I am not fond of furniture covering windows for aesthetic and safety reasons. Our DD's bedroom is really small and bed placement is limited. We also planned to use her room as a guest room for "x" amount of time and wanted two twin beds in there permanently. We opted for a duo high riser and trundle. (A duo high riser has an underframe like a daybed to fit the trundle underneath, but has a regular twin bed on top. I dislike daybeds immensely.) In any case, the bed itself does not cover the window. For one placement (not my favorite LOL), a corner of the headboard is in front of the window. It is very minor and cannot even been seen from outside. I still don't like it much, aesthetically.
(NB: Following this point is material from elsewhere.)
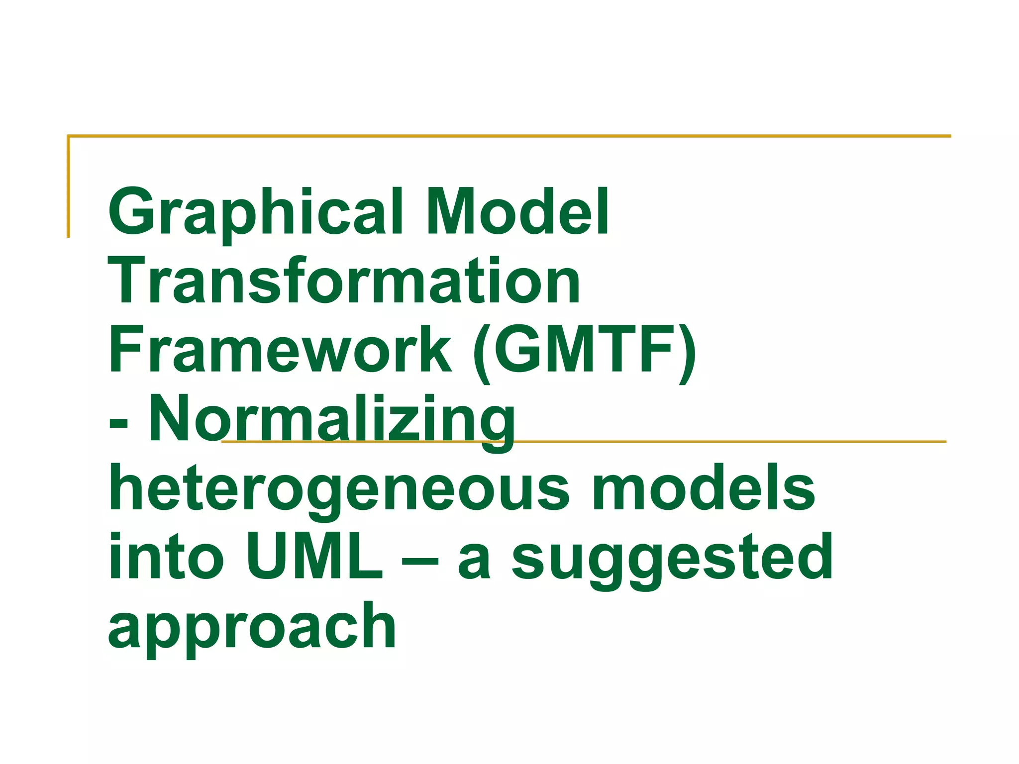 The document proposes a graphical model transformation framework (GMTF) to normalize heterogeneous domain models into a standard UML format. The framework involves first capturing business requirements in a computation independent model (CIM) using various specifications. The CIM is then converted into a platform independent model (PIM) using EMF. Finally, the PIM is translated into one or more platform-specific models (PSMs) using tools like Eclipse. Case studies demonstrate converting models from WSDL, Java code, and database schemas into UML-based PSMs using the GMTF approach.
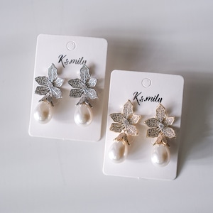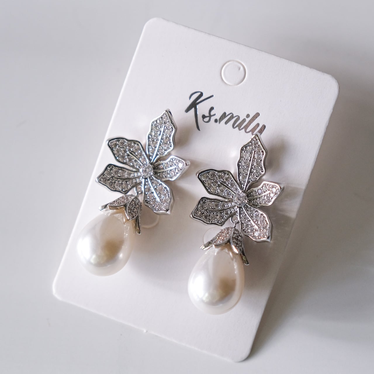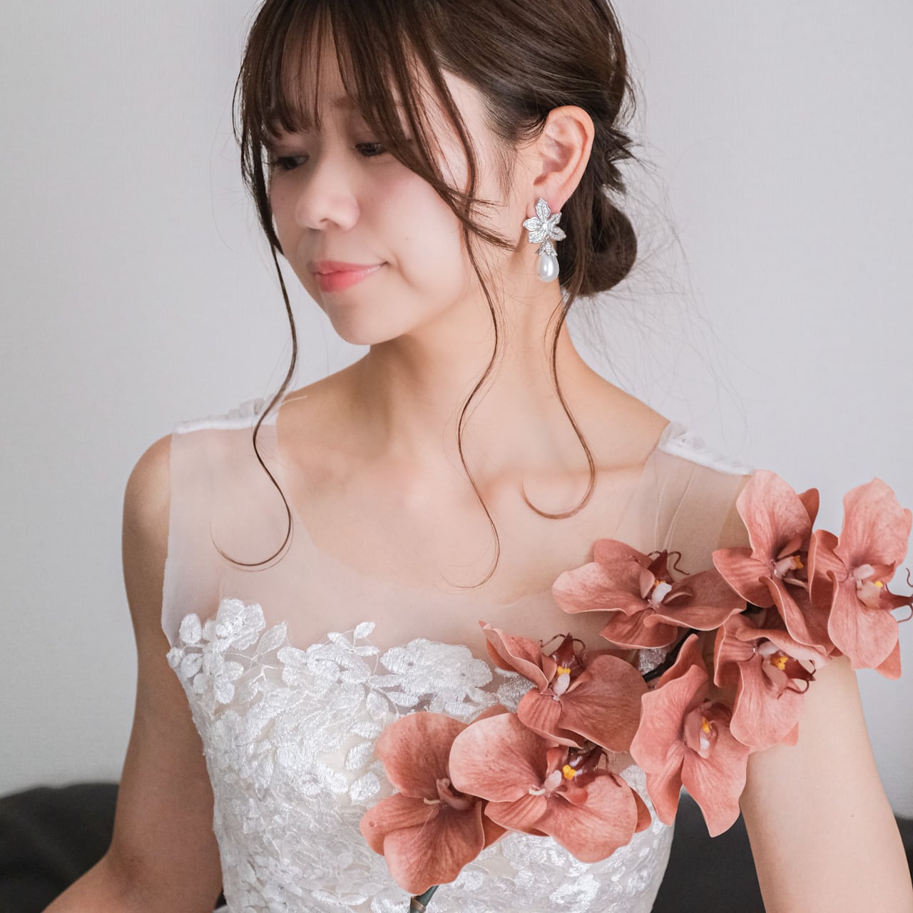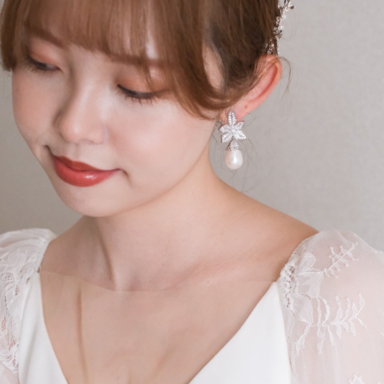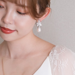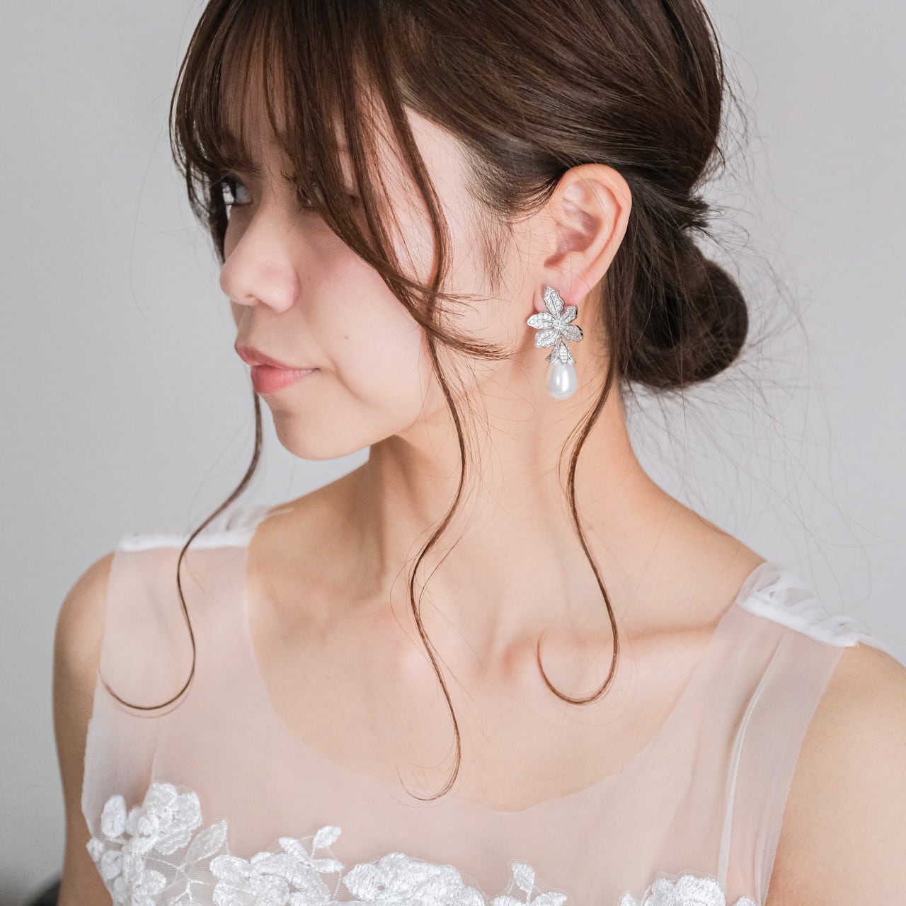 ビジューフラワーとパールの輝きが美しく映える、シルバーのブライダルピアスです。大切な日を迎える花嫁様にふさわしい、エレガントなデザインです。

That just happens to be the only way both beds can fit in the room and have both be fully operational...along with the door to get into the room and the closet door being fully operational.


----------



## SAHDS (Mar 28, 2008)

When we looked for a house, that was a deal breaker for us. No way would our children be on a different floor than us..

As for windows, no, I wouldn't block them.

Quote:


Originally Posted by *kalisis*
There are laws about opposite sex siblings in the same room. I only know this b/c I have had CPS called on me by my X in every state I've ever lived in.

I did not know that. WOW.

Mine shared a room for a month until DD was almost 2. I'd be fine w/ them sharing a room until they were 5 0r 6, I suppose. Maybe older. They ONLY sleep in there so I'm not sure what the big deal would be..


----------



## Drummer's Wife (Jun 5, 2005)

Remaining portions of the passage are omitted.